We are thankful to this great comment. We believe spatiotemporal data modeling is a notable direction to us for its wide applications in domains such as traffic, climate and neuroscience. One key challenge is modeling spatial dependency across channels together with their dynamics. In our humble opinion, our method can be extended to spatiotemporal data by introducing a spatial encoder, which could be a Transformer-like architecture that learns the attention among channels through intermediate embeddings. However, a bottleneck in computational cost may appear when there are hundreds or thousands of channels, which is worth further research. The key advantage of using multimodal view models, like ours, includes their capabilities in capturing complementary patterns across views and leveraging cross-modal knowledge transfer from LVMs, especially when task-specific data are scarce. We'd like to add this discussion to the revised appendix.

2025-08-05

Thank you for the rebuttal. I have no further questions.

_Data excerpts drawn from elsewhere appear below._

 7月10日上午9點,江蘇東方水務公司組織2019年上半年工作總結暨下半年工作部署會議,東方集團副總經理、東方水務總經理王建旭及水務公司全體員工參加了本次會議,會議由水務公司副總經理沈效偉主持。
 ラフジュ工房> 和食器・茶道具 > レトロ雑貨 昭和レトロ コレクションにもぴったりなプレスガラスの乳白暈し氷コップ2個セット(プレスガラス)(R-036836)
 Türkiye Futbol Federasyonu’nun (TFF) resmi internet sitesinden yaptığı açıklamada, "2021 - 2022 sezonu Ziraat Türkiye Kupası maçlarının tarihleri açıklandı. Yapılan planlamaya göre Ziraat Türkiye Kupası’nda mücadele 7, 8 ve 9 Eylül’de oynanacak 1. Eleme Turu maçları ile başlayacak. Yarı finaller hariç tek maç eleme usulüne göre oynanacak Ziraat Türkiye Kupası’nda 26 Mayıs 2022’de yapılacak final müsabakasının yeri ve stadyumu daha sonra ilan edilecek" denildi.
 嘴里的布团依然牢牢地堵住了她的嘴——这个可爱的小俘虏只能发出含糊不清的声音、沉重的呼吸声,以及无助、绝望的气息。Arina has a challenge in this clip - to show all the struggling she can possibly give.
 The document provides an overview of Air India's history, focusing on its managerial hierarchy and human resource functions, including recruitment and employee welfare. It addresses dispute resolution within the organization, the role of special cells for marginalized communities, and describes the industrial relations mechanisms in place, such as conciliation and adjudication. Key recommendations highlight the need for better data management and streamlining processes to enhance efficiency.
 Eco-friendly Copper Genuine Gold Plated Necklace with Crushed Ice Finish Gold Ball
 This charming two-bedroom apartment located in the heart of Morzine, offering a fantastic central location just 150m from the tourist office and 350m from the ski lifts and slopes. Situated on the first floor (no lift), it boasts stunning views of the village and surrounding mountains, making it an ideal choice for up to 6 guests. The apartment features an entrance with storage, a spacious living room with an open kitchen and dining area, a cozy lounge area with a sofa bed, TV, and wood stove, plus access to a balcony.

评论- Thank you for reviewing our response!

2025-08-05

Dear Reviewer SJEM,

Thank you for reviewing our response! We are glad that our response helps address your concerns. We would also appreciate it if you could let us know what might be missing so that we can take the opportunity to clarify it and improve our work to meet your standards for a more positive rating. Thank you!

最终决定Accept (poster)

2025-09-17

Most reviews are positive, specifically from BA, BA, BA, and BR. The majority of reviewers recognize the merits of the proposed work, including the findings on the bias of the SOTA LVM-based forecaster, the effective solution to address limitations through a backcast-residual based adaptive decomposition framework, the comprehensive experiments involving 14 SOTA baselines categorized by vision, language, multimodal, and numerical methods, and the potential to inspire future research on LVM-based forecasters. The authors have made substantial efforts to address the concerns raised by the reviewers, and most of these concerns have been resolved. Reviewers SJEM, KH6N, and Ymur have no further concerns. The authors have also provided detailed responses to the questions posed by Reviewer srxJ, and I believe the remaining questions have been adequately addressed. Therefore, I recommend the acceptance of this submission. Additionally, I expect that the authors will incorporate the suggested modifications from the rebuttal phase into the final version.